In der Seele dieser Frau, die so grobfädig war und so bereit, den Schmutz aufzunehmen wie der Scheuerlappen, mit dem sie jeden Morgen die Fliesen des Hausflurs wischte, konnte keine Ahnung sein von dem, was hier, fein und zart wie ein hauchdünnes Spinnweb, sich webte, und das zergeht, wenn man es anfasst mit der Hand. Frau Kaspers war sonst gerade keine üble Frau, sie hatte ein leidliches Wesen. Ihr Mann hatte einen Schleppkahn, mit dem treidelte er die Moselstrecke auf und ab, Bausteine, Holz, Kartoffeln, Obst, alles beförderte er so von Ort zu Ort; seine grossen Jungen halfen ihm dabei. Die Kaspers hätte es gar nicht nötig gehabt, so aufs Verdienen zu sehen, aber eine Aufwartung macht nicht viel Mühe und es fällt ausser dem Stundenlohn noch allerlei dabei ab. Und ihr Mann trank zu gern, da liess sich nicht sparen, und für ihre Maria, das einzige Mädchen, wollte sie doch gern eine Aussteuer zusammenschrapen.

Die Fünfzehnjährige kam manchmal und vertrat die Mutter; dann war der Hausflur immer viel sauberer gewischt und die Stiefel des Herrn Barons waren so blank geputzt, dass man sich hätte darin spiegeln können. Wenn das junge Ding im Flechtenkranz mit Besen und Scheuerbürste flink hantierte und mit dem Eimer klapperte, sang sie dabei. Frau Doktor war das nicht angenehm, in der Stille des Hauses war es plötzlich so laut, aber eine Rücksicht hielt sie zurück: man konnte der Fleissigen doch unmöglich den Mund verbieten. Selbst wenn das Mädchen den Gassenhauer pfiff, den der Orgeldreher mit dem Stelzfuss Sonntags an der Fähre zum Überdruss orgelte, sagte sie nichts.
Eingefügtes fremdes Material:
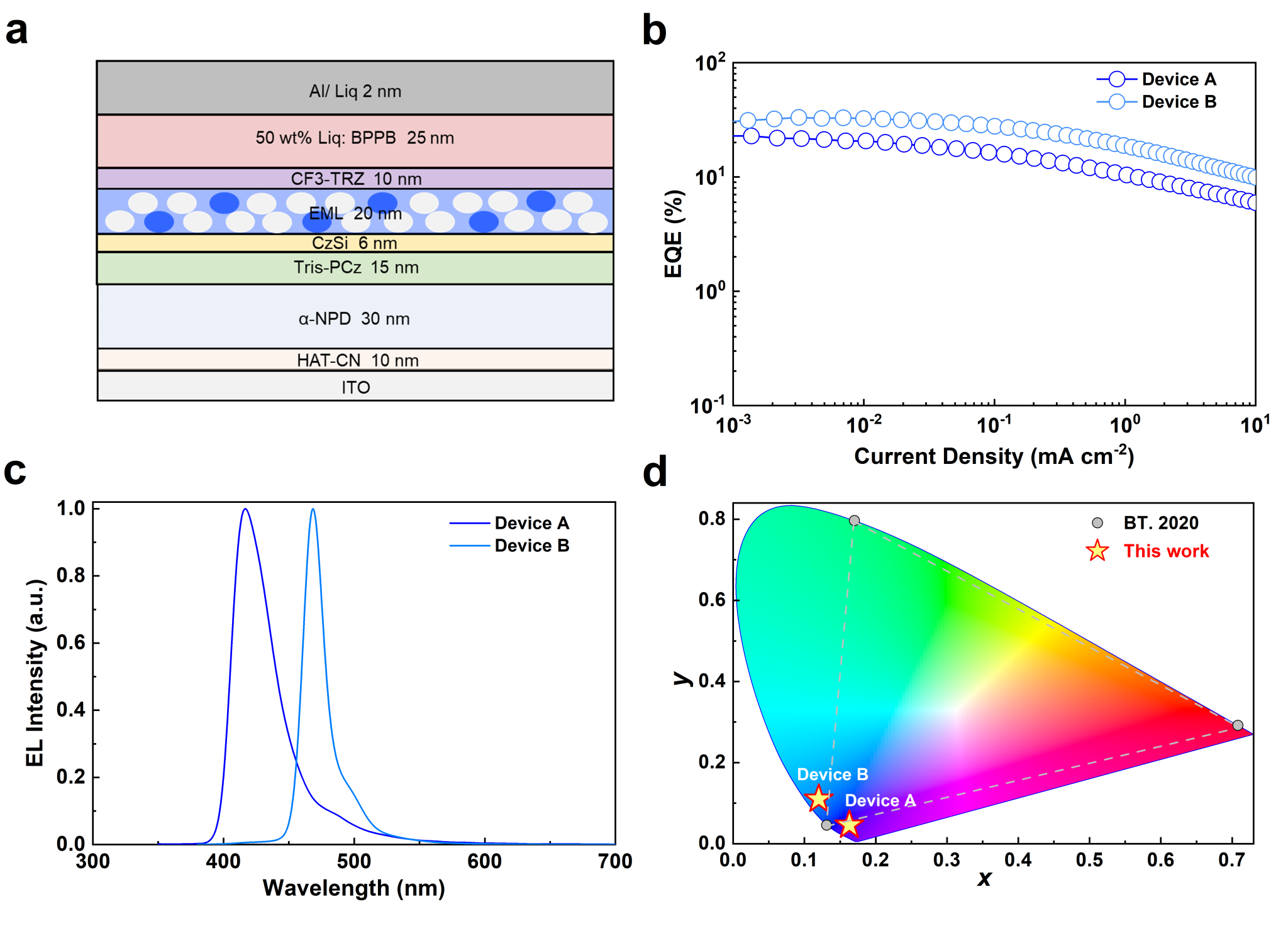 最终,基于5Cz-BO分子制备的OLED器件实现了22.8%的最大外量子效率,其CIE值为(0.163, 0.046),CIEy值已非常接近目前的BT.2020蓝光标准,从而在效率和色纯度方面实现了深蓝光OLED器件的新突破。同时,由于5Cz-BO具有较高的反向系间窜跃速率,可以作为敏化剂使用,最终敏化器件的最大外量子效率高达33.1%,使深蓝光敏化器件表现出了巨大的发展潜力(见图四)。

Warum dem harmlosen Kind die zutrauliche Unbefangenheit nehmen?

Maria Kaspers hatte eine Art, die so frei und unbefangen war, dass sie oft ganz sonderbar anmutete — war die dreist? — nein, hier war die ganze Natürlichkeit und unbefangene Sicherheit des Kindes aus dem Volk. Auch der Oberst sah mit Wohlwollen auf Maria Kaspers. Als sie ihn einmal so freundlich anlachte, dass alle ihre weissen Zähne blitzten und ihre Augen lustig tanzten, klopfte er sie auf die Wange, die fest und rund war wie ein gesunder Apfel: die wurde mal eine Tüchtige, der war die Arbeit ja Lust! Zum ersten Male fand er Frau Doktor weltfremd und geradezu altjüngferlich, als er zu bemerken glaubte, dass sie es nicht gern sah, wenn Maria Kaspers sich viel mit Hans-Helmut befasste. Sie rief ihn jedesmal zu sich herein in die Stube. Das konnte dem Jungen doch nichts schaden, wenn er mit dem Mädchen schwatzte! Die war zudem schon vor ein paar Jahren gefirmelt, eine grosse, verständige Person. Diese Kluft der Jahre und die noch weit grössere Kluft des Standes schalteten ja von vornherein schon ein zu grosses Vertrautwerden aus.